* [INPUT MATERIAL]:
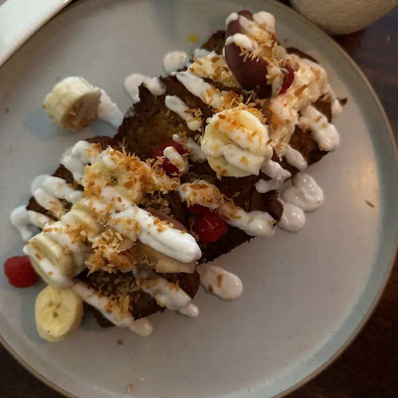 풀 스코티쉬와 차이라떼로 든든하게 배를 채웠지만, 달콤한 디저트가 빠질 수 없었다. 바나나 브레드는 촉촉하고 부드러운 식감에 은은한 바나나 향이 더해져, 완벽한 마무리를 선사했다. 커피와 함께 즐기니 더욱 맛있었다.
...
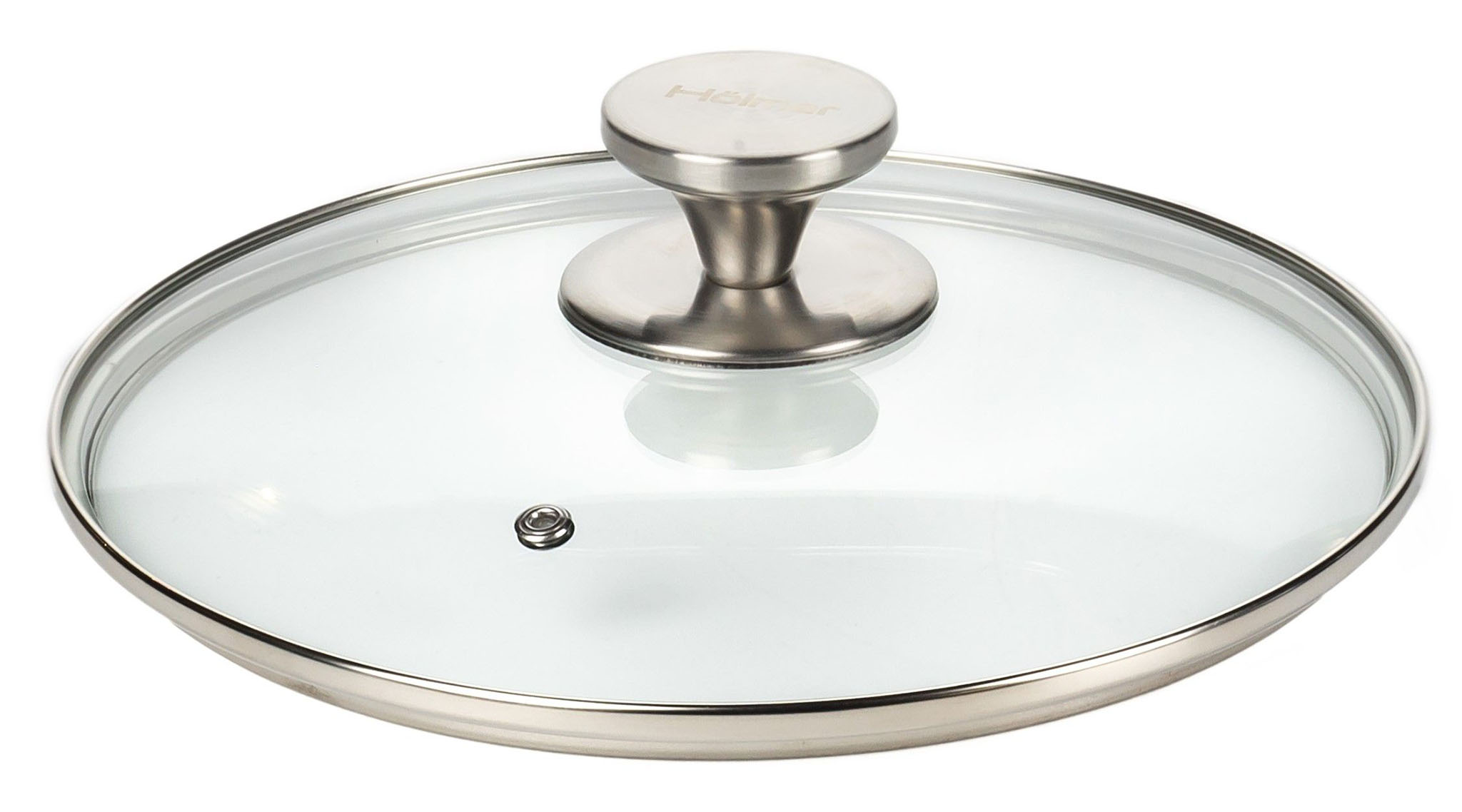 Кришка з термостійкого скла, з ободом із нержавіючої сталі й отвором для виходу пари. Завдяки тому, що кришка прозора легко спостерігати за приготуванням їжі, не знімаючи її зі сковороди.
---
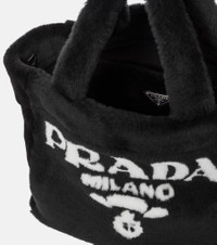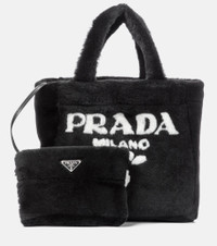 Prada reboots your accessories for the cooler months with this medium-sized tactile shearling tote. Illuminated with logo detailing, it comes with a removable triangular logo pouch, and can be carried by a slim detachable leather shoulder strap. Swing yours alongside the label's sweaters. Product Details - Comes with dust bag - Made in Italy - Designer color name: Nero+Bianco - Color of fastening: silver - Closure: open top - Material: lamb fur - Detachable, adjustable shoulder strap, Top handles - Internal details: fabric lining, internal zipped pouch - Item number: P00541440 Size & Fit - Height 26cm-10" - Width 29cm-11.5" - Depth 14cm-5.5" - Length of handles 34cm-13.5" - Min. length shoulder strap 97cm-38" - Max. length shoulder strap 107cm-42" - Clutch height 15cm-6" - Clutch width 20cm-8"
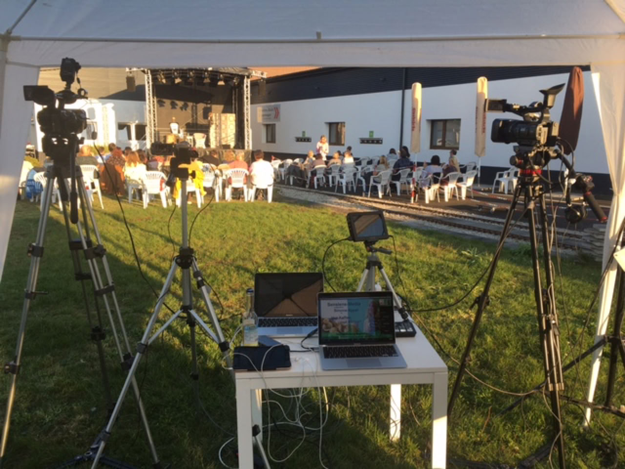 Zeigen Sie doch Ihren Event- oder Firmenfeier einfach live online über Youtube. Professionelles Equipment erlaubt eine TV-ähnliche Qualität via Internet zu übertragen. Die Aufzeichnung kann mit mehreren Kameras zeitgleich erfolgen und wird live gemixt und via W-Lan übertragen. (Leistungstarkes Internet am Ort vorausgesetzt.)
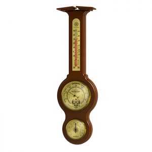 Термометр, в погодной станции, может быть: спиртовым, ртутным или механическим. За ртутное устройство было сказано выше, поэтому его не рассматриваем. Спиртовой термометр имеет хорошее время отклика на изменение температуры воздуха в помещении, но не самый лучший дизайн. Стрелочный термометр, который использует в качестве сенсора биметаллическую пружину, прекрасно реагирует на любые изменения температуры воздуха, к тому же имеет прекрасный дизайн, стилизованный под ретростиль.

* [WHAT IS EXPECTED]: Write out the lines above from the one with "Zeigen Sie doch" through the one with "Термометр, в погодной", ends included, exactly; no picture goes in.

* [ANSWER TO THIS TASK]:
 Zeigen Sie doch Ihren Event- oder Firmenfeier einfach live online über Youtube. Professionelles Equipment erlaubt eine TV-ähnliche Qualität via Internet zu übertragen. Die Aufzeichnung kann mit mehreren Kameras zeitgleich erfolgen und wird live gemixt und via W-Lan übertragen. (Leistungstarkes Internet am Ort vorausgesetzt.)
 Термометр, в погодной станции, может быть: спиртовым, ртутным или механическим. За ртутное устройство было сказано выше, поэтому его не рассматриваем. Спиртовой термометр имеет хорошее время отклика на изменение температуры воздуха в помещении, но не самый лучший дизайн. Стрелочный термометр, который использует в качестве сенсора биметаллическую пружину, прекрасно реагирует на любые изменения температуры воздуха, к тому же имеет прекрасный дизайн, стилизованный под ретростиль.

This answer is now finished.